While having a wee look at aircraft used in Vietnam I noticed a Bearcat. I thought this odd as they were not used in Korea.

Guess I'm missing something here. Why were they not used in Korea but used much later in Vietnam or was the website I was looking at wrong?

Thanks,
Nigel


----------



## evangilder (Sep 6, 2007)

Yes and no. The Bearcat was replaced with the F9F Panther. It was out of US front-line service by the time the US got involved in Korea. The French purchased quite a few and used them in Indo-China (Vietnam). When the French pulled out, the South Vietnamese Air Force acquired them. They were also used by the Thais.


----------



## NR61 (Sep 7, 2007)

Ah I see - thanks. So Bearcats were used but not by the US.


----------



## evangilder (Sep 7, 2007)

Exactly.


----------



## JoeB (Sep 22, 2007)

One addition; Bearcats were still in active USN sdns at the start of the Korean War, just weren't ever deployed there. Most F8F units in the period were in the Altantic fleet. But the Navy had decided in the late 40's to concentrate on the F4U (F4U-4 particularly) as its main prop fighter; USN air groups included prop fighters in addition to jets until after Korea. Those props carried out a secondary role of long endurance CAP (much more endurance than early jets) and ground attack, of course. 

Then also before the Korean War the US had viewed the 1st Indochina War ('45-54) as mainly French colonlialism and insisted anything transferred to France not be used there. After the KW started the attitude changed to viewing it mainly as another front against Communist expansion. So, F8F's flowed out of the USN to the French during the KW period, and were used extensively late in the 1st Indochina war, for example the Dienbienphu campaign.

Looking at the stats of F4U and F8F we often assume the F4U was preferred because of its performance (like load capability), and that may be true, but standardizing on the most numerous plane seems to have been the main driver: there were lots of F4U-4's compared to F8F's, or 'straight' F4U-5's, which were never used by the Navy in Korea either, (F4U-5N's and F4U-5P's were used by the Navy in Korea, and F4U-5's used briefly by one Marine sdn in Korea).

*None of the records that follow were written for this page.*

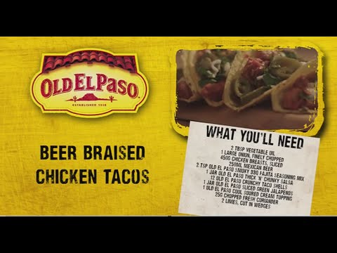 Beer Braised Tacos | Andy Bates | Old El Paso - Old El Paso Mexican Wedges - Learn how to make delicious beer braised chicken tacos, with our step-by-step tutorial from Andy Bates. Ingredients Needed: 2 tablespoons vegetable oil 1 large ...
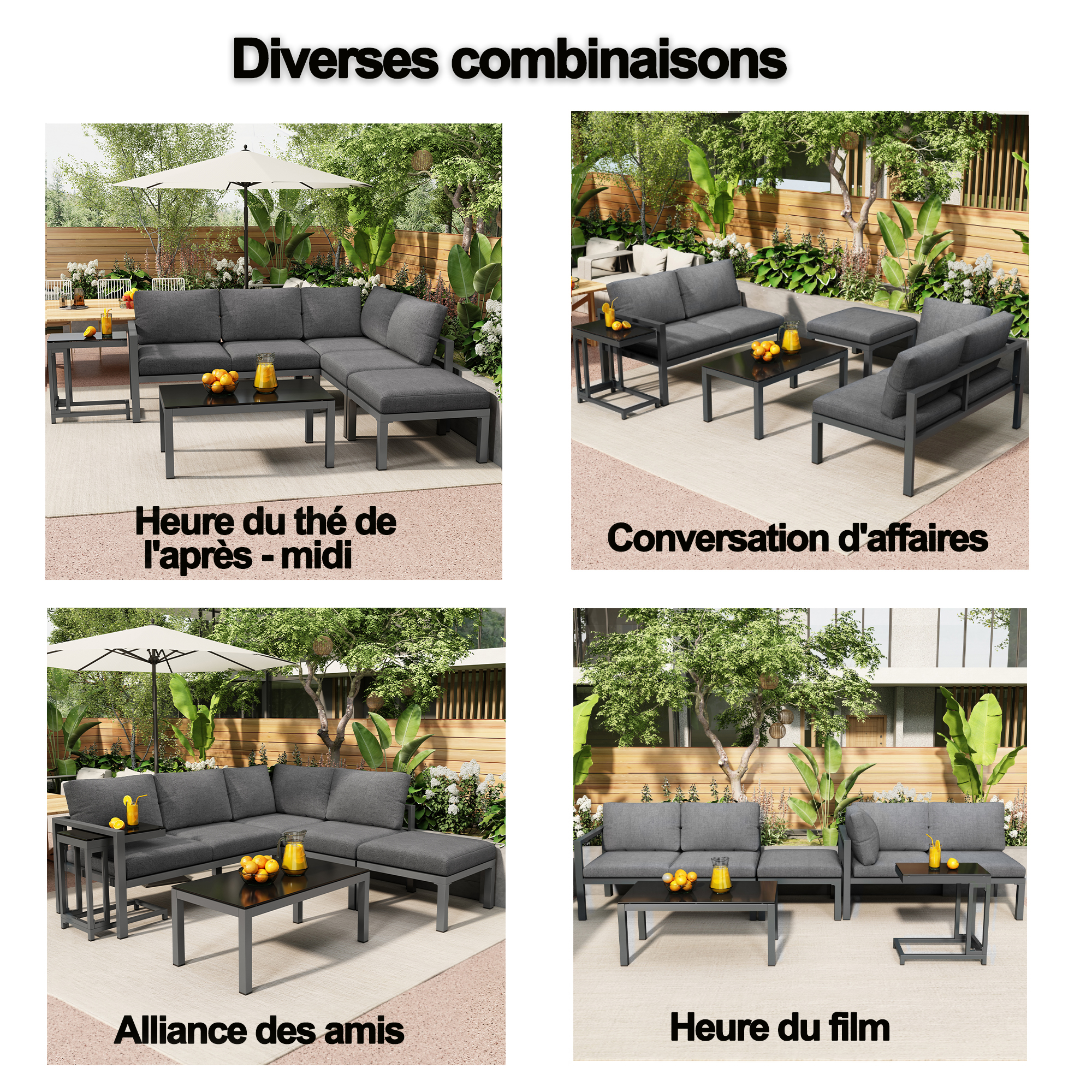 - Versatile combination: the 5-piece set includes 2 recliner sofas, a single sofa, a large dining table and a side table, offering flexible design options for different occasions. Whether for a garden party or a relaxing afternoon. Detailed assembly instructions are included for quick and easy installation.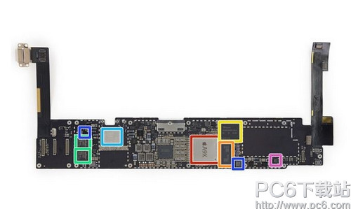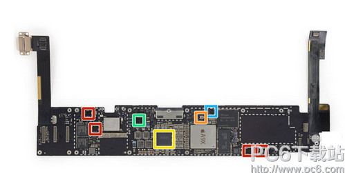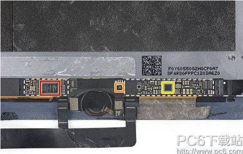 5、后盖拆开后,我们可以看到屏幕缆线在右下角,这是第一次看到苹果采用这样的布局方式。屏幕背部有很多衬垫泡沫,还有很多芯片: 红:Parade Technologies DP815 (可能是 12.9 英寸版本中 DP695 时序控制器的另一代产品) 橙:NXP Semiconductors 8416A1 Touch ID 传感器 黄:98667A B5528T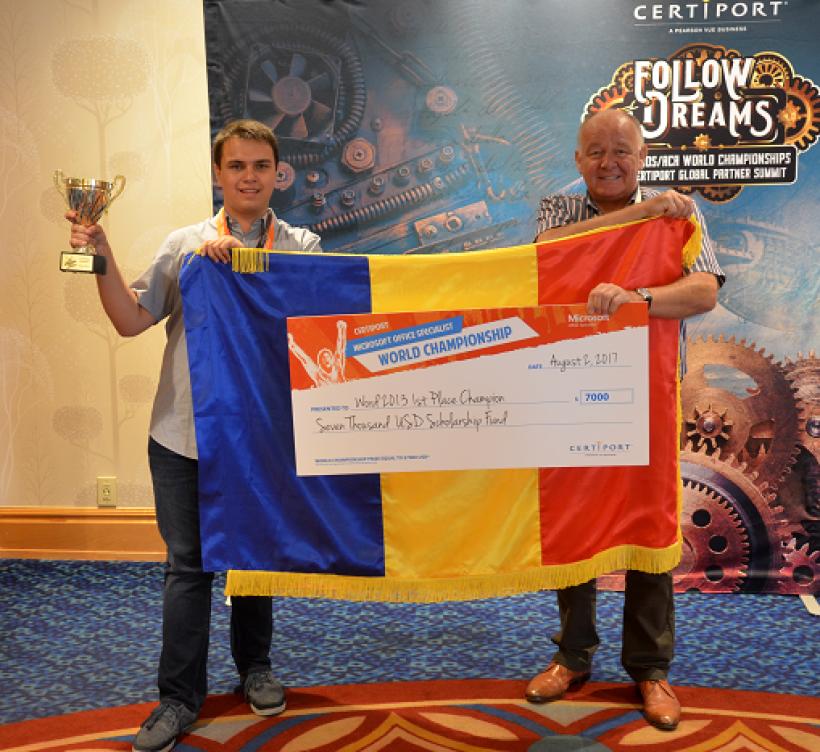 Reprezentantul României s-a calificat la finala mondială în urma competiției naționale care a avut loc la sediul Microsoft România din București, în data de 28 aprilie, obținând un scor perfect, de 1.000 din 1.000 de puncte și un timp de finalizare al examenului de 11 minute și 36 de secunde, din cele 60 de minute puse la dispoziție de organizatori.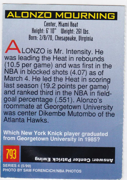 1999 Sports Illustrated for Kids # 793 Alonzo Mourning Miami Heat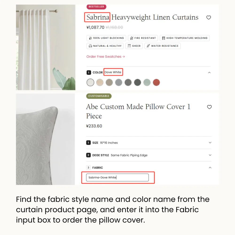 Complete your window treatment set with matching pillowcases! Order coordinating cushion covers in any size and edge style to suit your decor. Whether bolstering pillows for your bed or throw pillows for your sofa, these stylish additions will give any space a polished and finished look.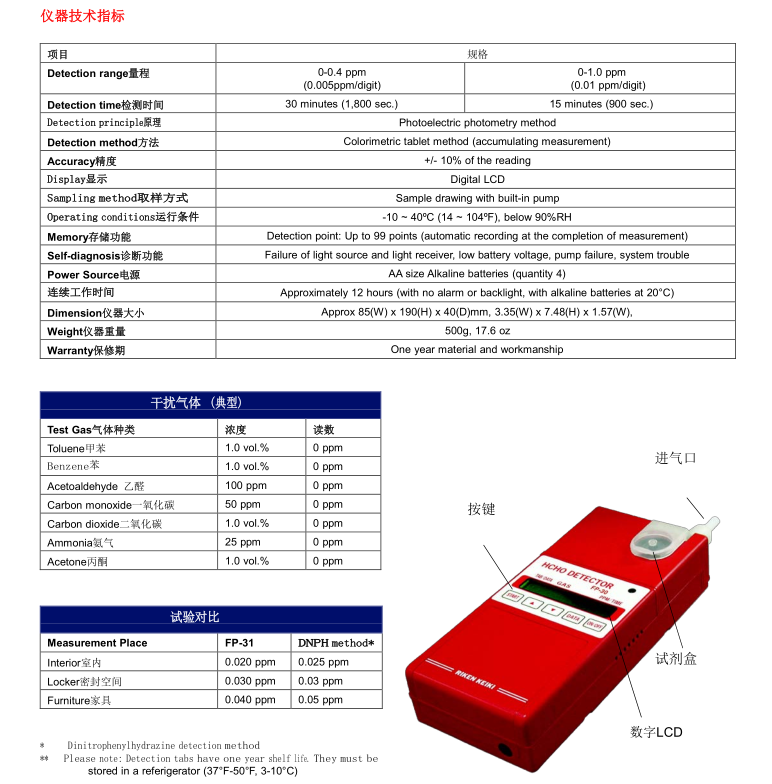 日本理研RKI FP-31甲醛檢測儀沒有采用電化學(xué)傳感器,而是采用光電原理,結(jié)合藥片試劑,具有長壽命,高精度,是目前市場上很暢銷的甲醛檢測儀。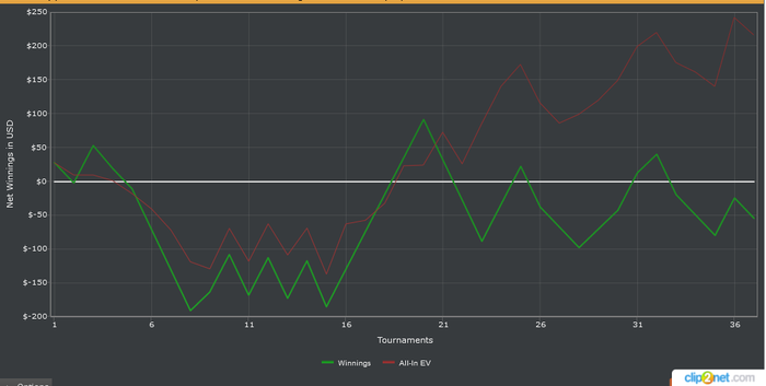 День 18Сегодня сыграл пару мтт, обидно вылетел в обоих, везде были хорошие стеки и пребабл. В биг55 против рега наверное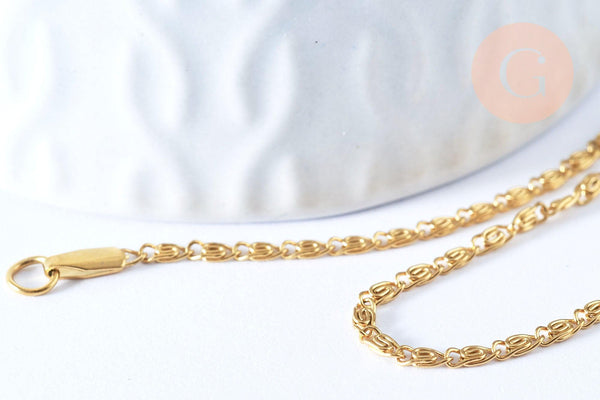 Cadena completa de eslabones múltiples en acero inoxidable 304 dorado, 44,5 cm - 2 mm, x1 (G6976)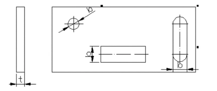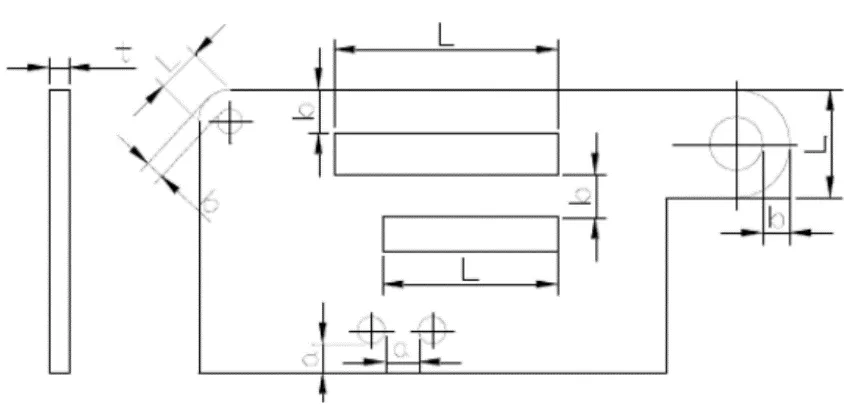 The minimum distance from the punched edge of a part to the edge of the part material is related to the shape of the part and the hole, as shown in the figure below. Specifically, when the punched edge is not parallel to the edge of the part’s outer shape, the minimum distance ‘a’ should be greater than the material thickness ‘t’; while when the punched edge is parallel to the edge of the part’s outer shape, the minimum distance ‘b’ should be greater than 1.5t.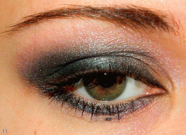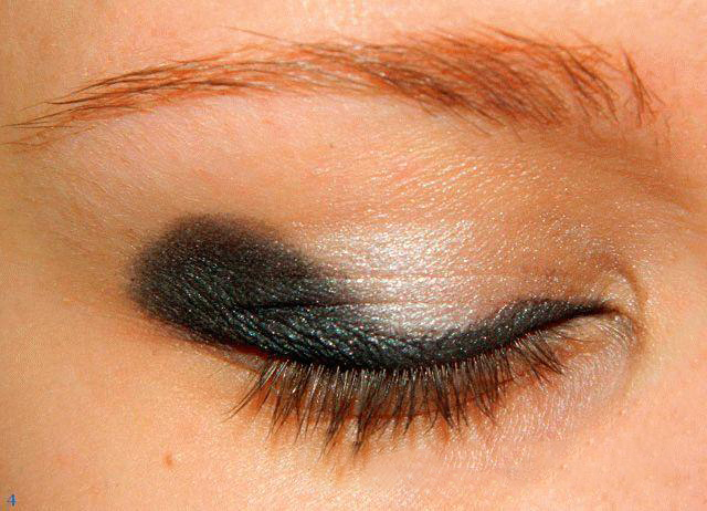 3. В том же направлении накладываем черные тени, но на один см. Ниже от брови

Some USN F4U sdns deployed to Korea had converted from F8F's.

Joe


----------



## syscom3 (May 17, 2009)

At Chino 2009 Airshow, Evangilder and myself learned that F8F's were used by the Royal Thai AF.


----------



## Aaron Brooks Wolters (May 17, 2009)

Nice shot of a sharp craft syscom, that's excelent!!


----------



## Colin1 (May 18, 2009)

evangilder said:


> ...The French purchased quite a few and used them in Indo-China...


Came in towards the end of French involvement, supplanting their P-63s in front-line service
I did a post on the P-63's combat record a while back, it mentioned the arrival of the F8F and when, I'll see if I can find it

Reactions: Informative Informative:
1 | Like List reactions


----------



## AMCKen (Mar 8, 2018)

An F8F model kit from the 1970s(?) came with Thai airforce decals. Built one and still have it - somewhere. 
F8F Bearcat by Lee Rouse (Hobbycraft 1/48)


----------